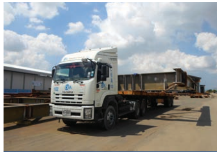
CEA VEHICLES USED FOR TRANSPORTATION
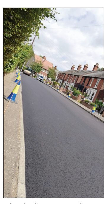
After: The all new Irvine Road, a major step towards improving the visual environment
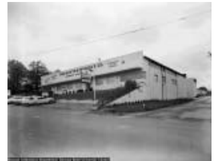
Dayton Rubber Co, 1961

Boulevard Crossing continues to see an increase in light industry through 1960 while residential growth slows in this decade. Neighborhood services such as grocery stores and restaurants have a continued presence along Boulevard, however, the number of residences on the blocks directly north and south of the beltline on Boulevard begin to decrease in response to an increase in number of industries. These industries include the General Gas Corporation and Tire and Rubber Company as well as the Dayton
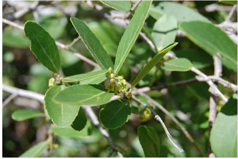
Mystroxylon aethiopicum Loes. (?) Chimanimani conservation area, miombo woodland vegetation in woodland close to the Mussapa pequeno river at the "portão"; E 33.08467816, S 19.58420245; UTM36-WGS84 508880.806,7834527.580; alt 600 m.
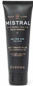
SALTED GIN: MMPS80SG
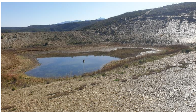
2. View across dam from east to west.
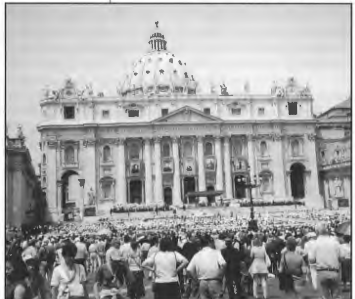
Joining tens of thousands of other worshippers on Sunday morning in St. Peter's square, the students witness Pope John Paul presiding over the canonization of five new saints.
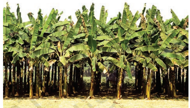
Fig. 4.2: Banana plantation in Southern part of India

In India, tea, coffee, rubber, sugarcane, banana, etc., are important plantation crops. Tea in Assam and North Bengal coffee in
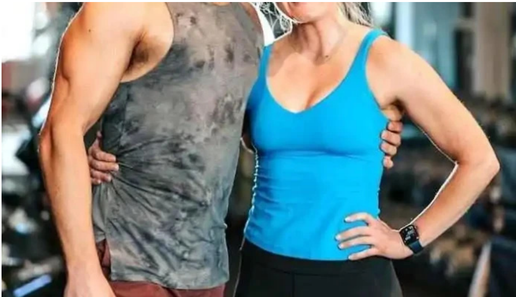
Studioflex pleasant hill
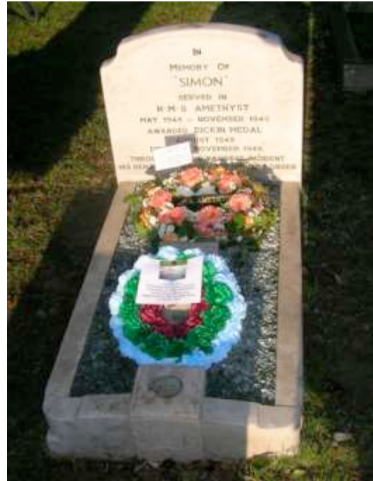
Headstone for the Able Seacat Simon, D.M. at the PDSA Animal Cemetery

Across the Atlantic, the services provided by our feline friends were also being taken very seriously. Pooli served aboard a United States attack transport during World War II. A veteran who rates three service ribbons and four battle stars. 27
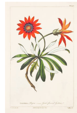
Title: Gorteria Rigens Date: 1809 Primary Maker: Philip Miller Medium: engraving on paper, hand-colored
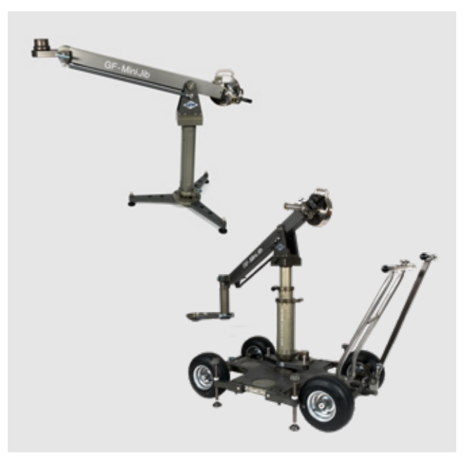
Different camera mounting positions

Its counterweight arm can be steplessly adjusted by a crank and extended up to a max. of 100 cm. A user-friendly brake attached to the end of the GF-Mini Jib also serves as friction, depending on the tight-ening torque. Most Jib Arm components are made of aluminium and have a very hard and durable surface protection [Hart-Coat®].
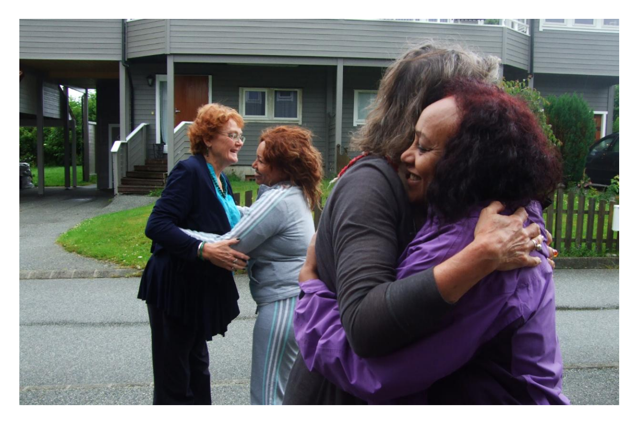
Bidding farewell to our dear guests from Nottingham
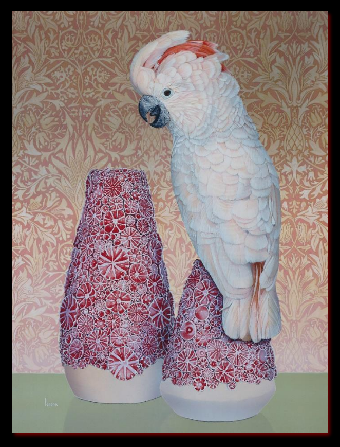
Tempus ad Requiem LVIII

ascribed to my subject matter. This symbolism—representing higher ideals, such as wisdom, awareness, and growth—may not be immediately obvious, yet I believe these messages reach the consciousness of those open to them."
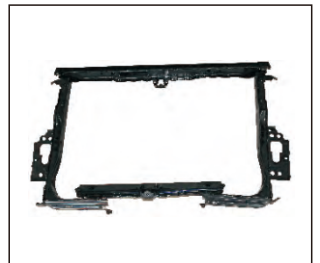
RADIOTOR SUPPORT 904.TY30357A OE:
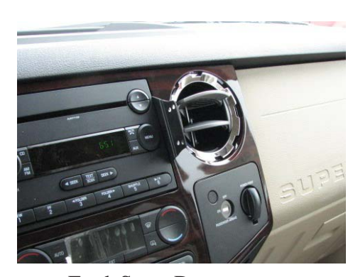
Final Installation Pictures on Ford-Super Duty
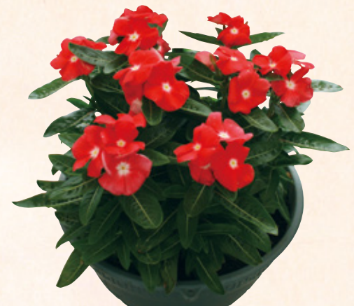
820013 Jaio Vermillion Eye
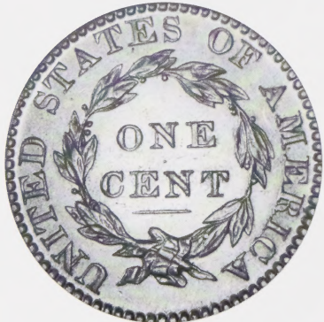
387. 1822 N-3 R2 AU55. Frosty bluish steel brown and chocolate with very faded mint color covering the protected areas of the obverse. The surfaces are lustrous and free of any spots or stains. The only notable sign of contact is a very light rim bruise right of star 9. MDS.
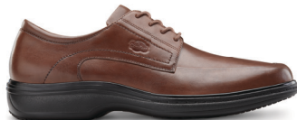
Classic Chestnut 8420
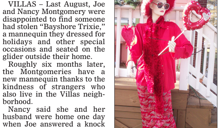
"Bayshore Tootsie" has replaced the stolen "Bayshore Trixie."
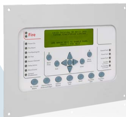
Model No. MK67000AM1
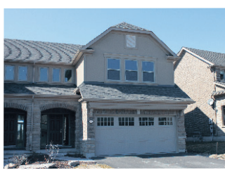
FINISHED TOP TO BOTTOM! $499,900
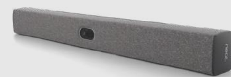
Neat Bar 2
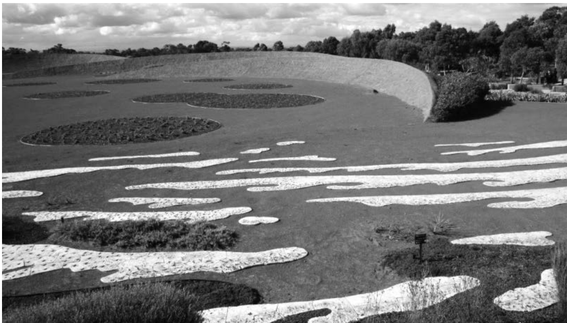
Australian Garden, Cranbourne Botanical Gardens
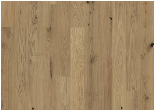
OAK ETCH MATTE

— What you are asked to do —
What is wanted is the number of lines holding "light" in the entries. Nothing else should be given.

— Your solution —
2